On Mon, Nov 28, 2011 at 8:28 PM, Neil
Harris<neil(a)tonal.clara.co.uk> wrote:
And adding memcached caching with even, say, as
little as a 1 minute cache
entry timeout, should dilute that reduced load even more, and put an
upperbound on the load generated, just in case it gets slashdot/reddited
again.
It was already in memcached, cached for 15 minutes. However, if
recaching takes a long time and your page gets a lot of traffic, you
can get a cache stampede (just like when Michael Jackson died): while
the recache is in progress, there are more hits for your page and a
zillion Apache workers all race to rebuild the cache, unaware of each
other. I have no evidence that that's what happened, but that's my
theory. Making the recache faster and/or upping the cache timeout
reduces the size and the frequency, respectively, of the window in
which this can happen.
The cache stampede problem was solved for the particular case of the
parser cache using PoolCounter, but I don't think it's necessary for
other types of caching.

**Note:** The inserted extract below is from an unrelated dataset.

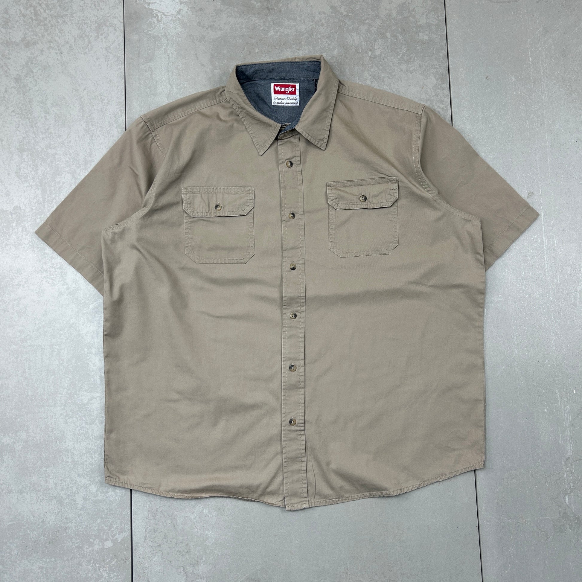 Vintage Wrangler Brown Short Sleeve Workwear Shirt - XL

Computing fundraiser statistics simply
shouldn't be that slow.
Roan
I hadn't thought properly about cache stampedes: since the parser cache
is only part of page rendering, this might also explain some of the
other occasional slowdowns I've seen on Wikipedia.
It would be really cool if there could be some sort of general mechanism
to enable this to be prevented this for all page URLs protected by
memcaching, throughout the system.
-- N.